Problem to work on:
Each record must be written out again exactly. Skip any picture it contains.

Supplied data:

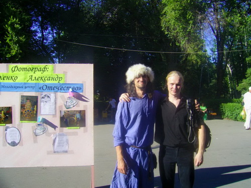 Вот так уживаются прошлое и настоящее. Даже в обнимку стоят. Несмотря на то, что один в прохорях средневековых протертых, а другой в кроссовках…
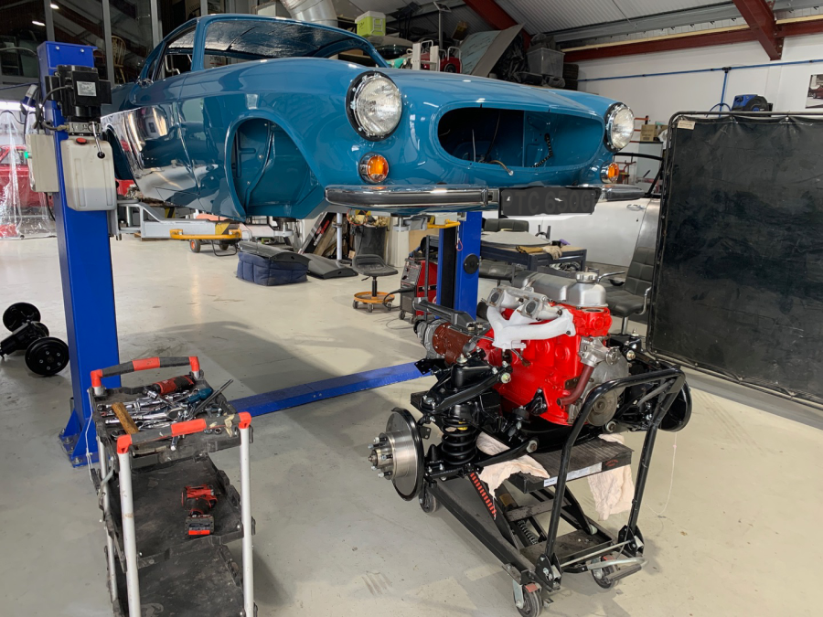 July 2025: Engine, axle and gearbox ready to go into the 1969 S
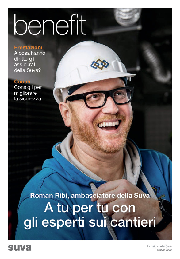benefit è la rivista della Suva e vi offre informazioni utili e interessanti sui temi della sicurezza, della salute e della prevenzione. Così è facile rimanere aggiornati. Tra i vari temi di questa edizione della nostra rivista per i clienti troverete: Volete saperne di più? Qui trovate tutte le altre edizioni della nostra rivista per i clienti benefit. Ogni anno pubblichiamo quattro edizioni della nostra rivista. Ve le mettiamo a disposizione anche online. Scaricate subito l'edizione 1 di marzo 2020 di benefit.
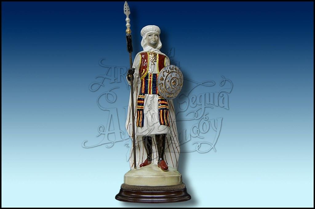 Figura de la Comparsa Moros Tariks de Biar. Realizada en porcelana, pintada a mano a todo color, con arma de metal. Sobre peana redonda. Posibilidad de placa con inscripción.
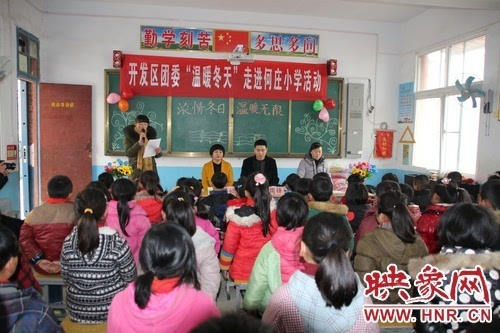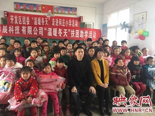 1月10日上午,團(tuán)開發(fā)區(qū)委聯(lián)合河南驛展科技有限公司團(tuán)支部在關(guān)王廟鄉(xiāng)何莊小學(xué)開展“溫暖冬天”活動(dòng)。
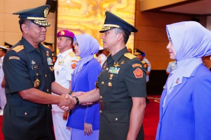 KORANBOGOR.com,JAKARTA-Wakil Panglima TNI Jenderal TNI Tandyo Budi R mewakili Panglima TNI Jenderal TNI Agus Subiyanto memimpin upacara serah terima jabatan (Sertijab) Komandan Pusat Misi Pemeliharaan Perdamaian (Dan PMPP) TNI, Kepala Pusat Penerangan (Kapuspen) TNI, dan Kepala Pusat Jasmani dan Peraturan Militer Dasar (Kapusjaspermildas) TNI. Kegiatan tersebut dilaksanakan di Aula Gatot Subroto, Mabes TNI, Jakarta Timur, Selasa (30/12/2025).

Response area:
 Вот так уживаются прошлое и настоящее. Даже в обнимку стоят. Несмотря на то, что один в прохорях средневековых протертых, а другой в кроссовках…
 July 2025: Engine, axle and gearbox ready to go into the 1969 S
benefit è la rivista della Suva e vi offre informazioni utili e interessanti sui temi della sicurezza, della salute e della prevenzione. Così è facile rimanere aggiornati. Tra i vari temi di questa edizione della nostra rivista per i clienti troverete: Volete saperne di più? Qui trovate tutte le altre edizioni della nostra rivista per i clienti benefit. Ogni anno pubblichiamo quattro edizioni della nostra rivista. Ve le mettiamo a disposizione anche online. Scaricate subito l'edizione 1 di marzo 2020 di benefit.
 Figura de la Comparsa Moros Tariks de Biar. Realizada en porcelana, pintada a mano a todo color, con arma de metal. Sobre peana redonda. Posibilidad de placa con inscripción.
 1月10日上午,團(tuán)開發(fā)區(qū)委聯(lián)合河南驛展科技有限公司團(tuán)支部在關(guān)王廟鄉(xiāng)何莊小學(xué)開展“溫暖冬天”活動(dòng)。
 KORANBOGOR.com,JAKARTA-Wakil Panglima TNI Jenderal TNI Tandyo Budi R mewakili Panglima TNI Jenderal TNI Agus Subiyanto memimpin upacara serah terima jabatan (Sertijab) Komandan Pusat Misi Pemeliharaan Perdamaian (Dan PMPP) TNI, Kepala Pusat Penerangan (Kapuspen) TNI, dan Kepala Pusat Jasmani dan Peraturan Militer Dasar (Kapusjaspermildas) TNI. Kegiatan tersebut dilaksanakan di Aula Gatot Subroto, Mabes TNI, Jakarta Timur, Selasa (30/12/2025).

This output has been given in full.